Hacker News new | past | comments | ask | show | jobs | submit login
Reinforcement Learning with Prediction-Based Rewards (blog.openai.com)
165 points by lainon on Oct 31, 2018 | hide | past | favorite | 38 comments



I like the idea of having the agent be attracted to the unpredictable, but I guess there should be something to ensure that unpredictability doesn't dominate which action is selected. For an interesting/funny example check their two videos: "Agent in a maze without a noisy TV" and "Agent in a maze with a noisy TV"


How about an approach where the agent's reward is not the predictability itself but the first derivative of it. This way the agent will be attracted to the parts of environment where it can improve and will avoid white-noise parts since its model of the world doesn't generalize on these.

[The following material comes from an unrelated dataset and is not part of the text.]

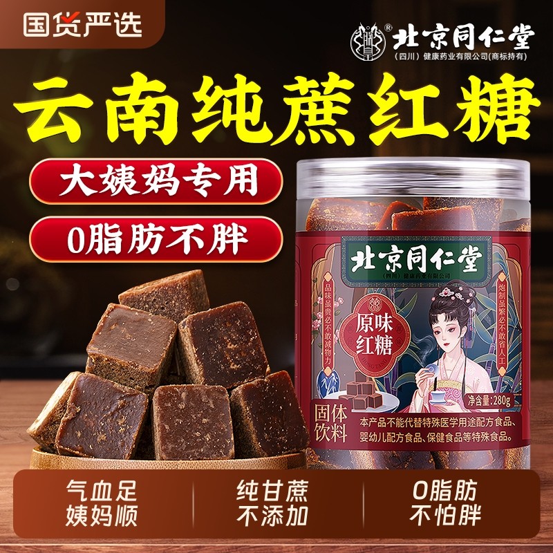 北京同仁堂红糖块红糖姜茶大姨妈单独小包装补气黑糖姜枣纯正原味

Juergen Schmidhuber (the author of original LSTM paper) had a very similar idea, http://people.idsia.ch/~juergen/driven2009.pdf

"This drive maximizes interestingness, the first derivative of subjective beauty or compressibility, that is, the steepness of the learning curve. It motivates exploring infants, pure mathematicians, composers, artists, dancers, comedians, yourself, and (since 1990) artificial systems."


If you read it thats exactly what they addressed here. They say they address the noisy TV problem. The video shows why they needed to address it.

> These choices make RND immune to the noisy-TV problem.


I would imagine they would need some kind of breakaway factor that allows the agent to decide that, despite the unpredictability, what its trying to explore might not be worth the reward, or that there is no reward behind it.


Finally someone beat Montezuma's Revenge without imitating human demonstrations! Very cool. I wonder why the algorithm then fails so hard on Pitfall? I would expect them to be similar problems.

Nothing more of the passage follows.